The rains are here, and so are the floods. There are reasons why many believe that climate change is causing such a disruption in our weather patterns. It matters less if these are really new patterns or a natural part of an old pattern that we just never knew before. What is important is that at least three generations of living Filipinos know there are dramatic changes in our weather today versus remembered yesteryears.
Who is right and who is wrong among scientific views does not make it less miserable for Filipinos deeply affected by the emerging climate changes. And I am not talking about the inconvenienced by heavy traffic in flooded streets, I am talking about life-and-death circumstances for millions. I am talking about poor Filipinos, the poorest 5 million families and presumably another 2 or 3 million almost as poor families. Yes, let’s talk about them.
Many who read my articles do not see and relate to the poor in the provinces and rural areas. These same many, though, see and hear about the poor in the urban areas, especially Metro Manila. This is simply because the Internet is better in the cities than they are in most municipalities, and because media more regularly covers highly urbanized areas more than less populated rural areas. Until a Sendong or a Pablo comes along to kill hundreds or thousands.
For those who are aware of the caste system of India, they know there is a group at the very bottom called the “Untouchables”. For those less aware, let me quote a short description from national Geographic:
“To be born a Hindu in India is to enter the caste system, one of the world’s longest surviving forms of social stratification. Embedded in Indian culture for the past 1,500 years, the caste system follows a basic precept: All men are created unequal. The ranks in Hindu society come from a legend in which the main groupings, or varnas,emerge from a primordial being. From the mouth come the Brahmans—the priests and teachers. From the arms come the Kshatriyas—the rulers and soldiers. From the thighs come the Vaisyas—merchants and traders. From the feet come the Sudras—laborers. Each varna in turn contains hundreds of hereditary castes and subcastes with their own pecking orders.
A fifth group describes the people who are achuta, or untouchable. The primordial being does not claim them. Untouchables are outcasts—people considered too impure, too polluted, to rank as worthy beings.
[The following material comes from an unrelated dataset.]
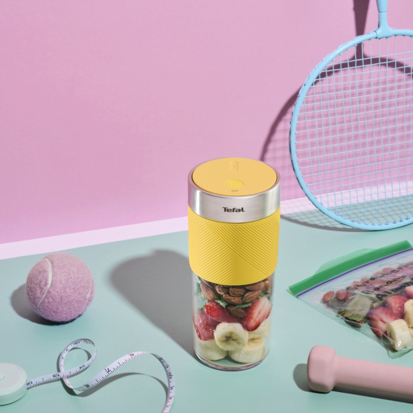 Насладете се на здравословен начин на живот без компромиси с преносимия блендер TEFAL LightMix, идеалното решение за смутита, шейкове и свежи напитки, където и да сте. Компактен, лек и тих, този блендер е проектиран да ви придружава всеки ден у дома, в офиса, във фитнеса или в движение, давайки ви свободата да смесвате и консумирате директно от контейнера.

Prejudice defines their lives, particularly in the rural areas, where nearly three-quarters of India’s people live.Untouchables are shunned, insulted, banned from temples and higher caste homes, made to eat and drink from separate utensils in public places, and, in extreme but not uncommon cases, are raped, burned, lynched, and gunned down.”
It is a sad reality that we have our “Untouchables” in the Philippines. I will call them the “Unwanted” to avoid confusion with the Indian term, and also because they are truly unwanted. That is why they have remained the way they are from the beginning of the poverty they fell into during the Spanish regime – because no one cared. That devaluation they suffered from a society that preferred not to deal with them, except on temporary basis when their brawns become necessary for harvest purposes, has not been reversed for most of them.
Half of Filipinos are self-rated poor, with at least one fourth dirt poor. That is a percentage higher than the Untouchables of India. It is scandalous how this can happen when a dominant Christian religion is anchored on love and bringing glad tidings to the poor. But the truth is the truth, and no religious hypocrisy can change that. Christians can only move out of hypocrisy, especially the leadership of the Catholic Church to whom Catholics look to for modeling. I choose not to speak about the minority Muslims, knowing as I do that among the poorest in the Philippines are Muslim areas in Mindanao. Definitely, their own poor cannot be blamed.
The highlight is suddenly on the Unwanted today. Attention is focused on them when the rest of Filipinos are either inconvenienced or politicians threatened with public ire. But I notice that the attention given the Unwanted is not softened by sympathy; rather, it is laced with official frustration. After all, the Unwanted are blamed for the garbage in the esteros and rivers where there are colonies of them piled on top of one another. After all, the Unwanted are blamed for everything, as though their misery is their choice over the blessings of the more fortunate. If they are not deemed too lazy, they are called too stupid to vote for the good candidates.
As if good candidates over 100 years have amounted to anything for the Unwanted, almost 19 million of them having experienced hunger in the 1st quarter of 2013. If 19% of our poor can grow hungry and many millions more threatened by hunger everyday, do we believe they will clean their garbage, or clean our garbage for us? Do we expect them to live in subdivisions instead of river banks or esteros so they can be close to water, no matter how polluted? If we do not want them, why will they want us?
We have choices, the Unwanted do not. We can stoop down, they cannot reach up enough to reach us. The gap is too big. We can sympathize and empathize, we can afford to. They are too busy trying to survive and cannot even think of joining a revolution to get rid of us.
When we look at the Unwanted as the problem, we cannot solve anything. Because we are the problem, not them. They are the Unwanted, unwanted by us. Their only dream to have a little of what we have, including being wanted. If our Christianity is too cold to care, maybe the Filipino in us can be the spark to make us brave enough to care.